It is often reasoned by the public that women get less remuneration compared to men due to gender distinction while some believe that women receive less salary for the reason that they are less competent at work. Interestingly, some recent reports have revealed that women are not less capable than men rather they perform better than male workers in different areas of work. This recent discovery leads the subject of wage gaps towards gender biases in the workplace which should be addressed to have a vibrant idea on the matter.

The fundamental objective of the paper is to identify the drives of wage rate discrepancies between men and women as well as the proposed study will help us to conclude if the lower pay to women is vindicated or not. It was found in many research papers that the difference in work-related skills and a lack of confidence are dominant variables for creating a gap in the wage rates which seems to be unagreeable. It is assumed, the following questions would help the study to reveal the reasons for heterogeneity in the workplace- Is there any difference in skills between men and women due to the distinction in educational qualification? And How the participation rate in the workforce is related to the wage rate? The answers to these questions will help us to identify the reasons for wage discrimination in the country which will open door to further research opportunities in the field and to improve the working conditions in the USA.

The study believes that even after ensuring an improved higher education rate and growing participation in the workforce women have failed to secure an equal wage rate due to acute gender biases in the workplace. In other words, the study will quantify the impact of gender biases on the wage rates of women in the context of labor force participation and the level of education in the USA.

Literature Review

The wage rate difference between men and women is not a recent phenomenon rather it has been an issue for years- that women are paid less than men not only at the workplace but also in society. Card, Heining, and Kline (2013) measured wage rates gaps in terms of education, occupation, and industry dissimilarities. Their study discovered that the gaps are increasing due to the robust influence of job nature, the relation of workers with the companies, and project establishments. They also mentioned in their report that previous studies had already established that working skills are major criteria for deciding the wage of a worker. Supporting their finding Koellinger, Minniti, and Schade (2013) proved that women are less confident, possess a different set of work-related skills, engage with coworkers differently, and exhibit more fear at the workplace. These findings justify why employers have developed an idea that women are less efficient than men at the workplace and they deserve less wage than men.

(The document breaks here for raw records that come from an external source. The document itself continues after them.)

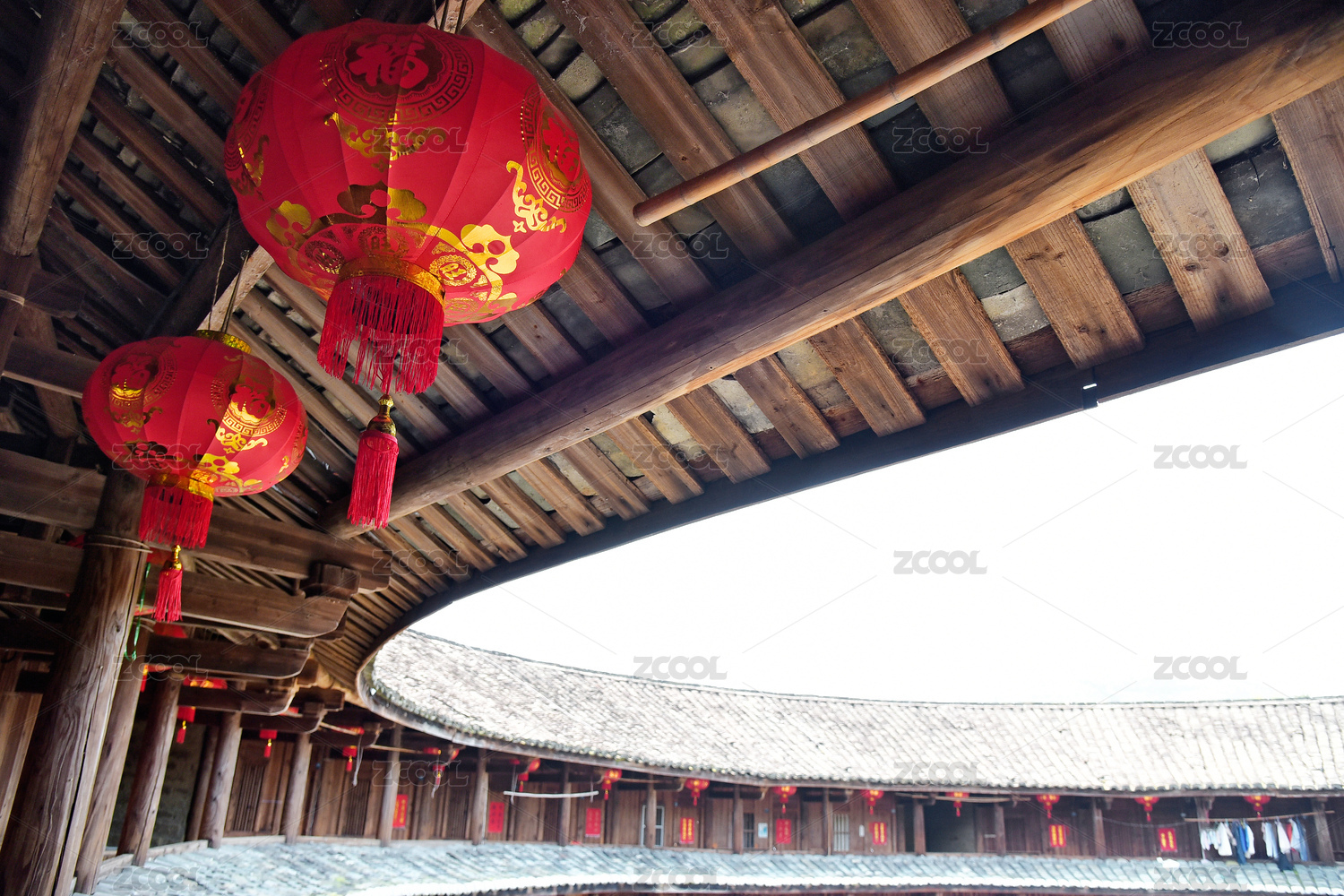 中國(guó)福建漳州南靖客家土樓懷遠(yuǎn)樓木制樓道
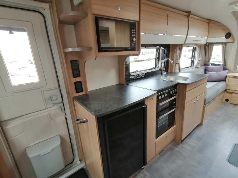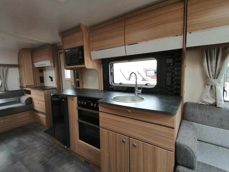 This used 2023 Bailey Pegasus is on display at our Swindon branch. This 5 berth caravan has an End dinette and a Lounge conversion. This caravan comes with a 12-month warranty. Full 100-point pre-delivery inspection, a motor mover make manouvering the caravan much easier, solar panel for keeping your leisure battery topped up, Alko automatic trailer control for better towing stability, a tracking system to locate if stolen, an external BBQ point so no need to connect a separate gas bottle, an external 240v plug socket for power in the awning. This caravan is also being supplied with a full starter kit worth over £500. This will include a Gas bottle, Gas pigtail, Leisure Battery, 25 Metre mains cable, Aquaroll, Wastemaster, Hitch Lock, Step and toilet chemicals. If you have all of these items we will supply £500 vouchers to spend in our shop instead. If you would like to hold this caravan for 72 hours we can take a refundable deposit of £500 subject to you viewing the caravan. If you require any further information on this caravan either call one of our sales team., Microwave, Solar Panel, External 240v, Gas Bbq Point, Tracking System, Alko Trailer Control, 12v Power, Alloy Wheels, Awning Light, Battery Charger, Blinds, Cassette Toilet, Double Glazing, Flyscreens, Free Standing Table, Fridge, Fridge Freezer, Galvanised Chassis, Heater, Heki Rooflight, Hitch Stabiliser, Hob, Hot And Cold Shower Unit, Insulated Panels, Loose Fit Carpets, Mains Electric, Mixer Taps, Oven, Pull Out Bed, Shower, Shower Unit, Skylight, Smoke Detectors, Spare Wheel, Tv Aerial, Central Heating, Blown Air
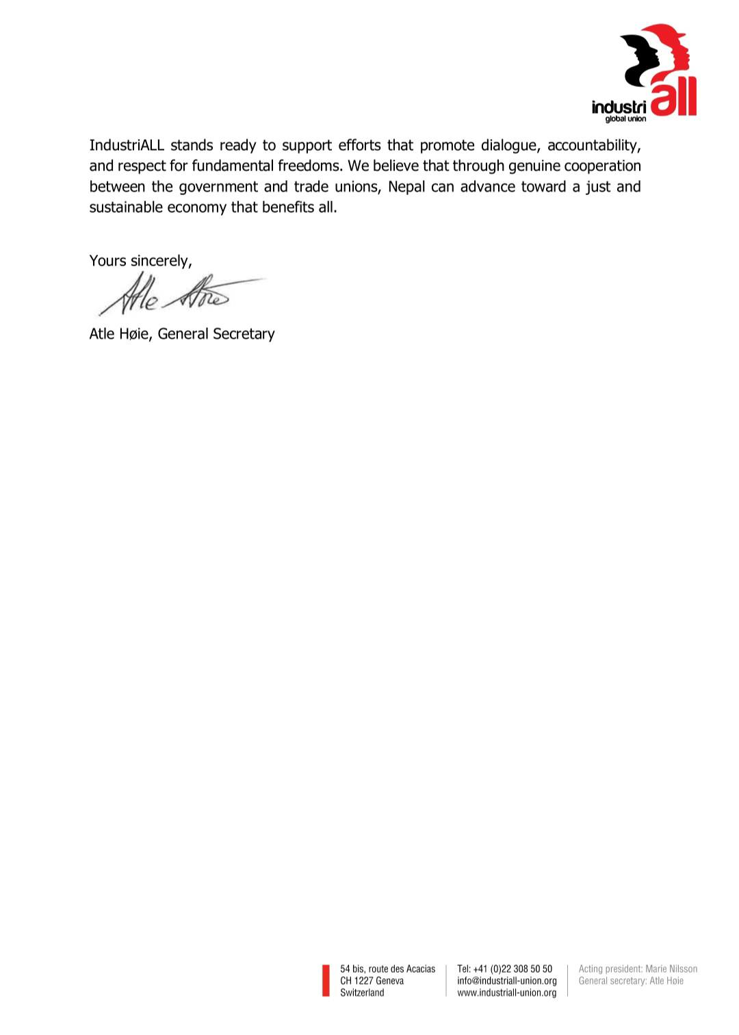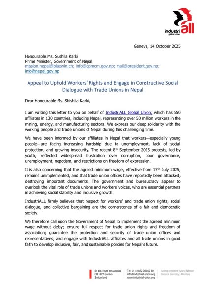 Expressing concern that the Government of Nepal is moving toward restricting trade union activities, IndustriALL Global Union Headquarters in Geneva sent a letter to Prime Minister Sushila Karki on October 14, 2025, urging the government to protect workers’ rights and engage in constructive social dialogue with trade unions.
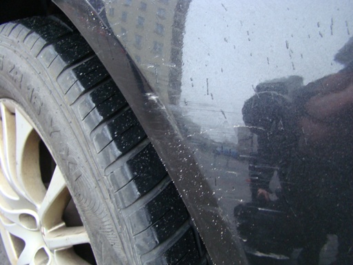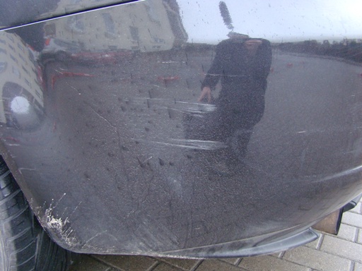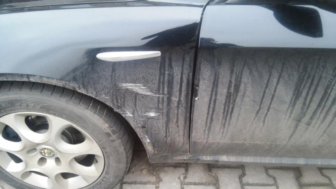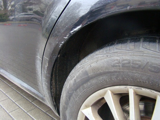 Uszkodzenia to lekkie wgniecenie i zrysowanie lewego tylnego nadkola, zarysowanie tylnego zderzaka, zarysowanie krawędzi drzwi (prawie niewidoczne).

Interestingly Delfgaauw, Dur, Sol, and Verbeke (2013) didn’t find any difference in sales performance while they experimented on different sales teams of men and women. Similarly, Roth, Purvis, and Bobko (2012) measured the performance of different gender in the fieldwork and their study result didn’t find any significant difference in the work performance, but the study revealed that men show better managerial skills than women. Findings of Delfgaauw et al. (2013) and Roth et al. (2012) suggesting that the work performance of women is almost equal to the performance of men excluding the instance of management position.

Considering the fact, offering higher wages to men for the managerial position would seem justified, but offering higher wages to men for laborious work doesn’t make a proper sense as there is no difference between the work performance of men and women. The only answer to this particular issue that will make sense is- the workforce is still failing to overcome gender stereotypes, women are being paid less wage not because they work differently than men, as it doesn’t reduce their work performance, but because they are women. According to Heilman (2012) women are not yet free of the burden of gender stereotypes, they are still considered incompetent in the male gender-typed position, their behaviors are still inadequate in the work context, and if they succeed in achieving the goals they are disliked. Therefore, the sole reason for wage difference seems to be the gender stereotyping at the workplace.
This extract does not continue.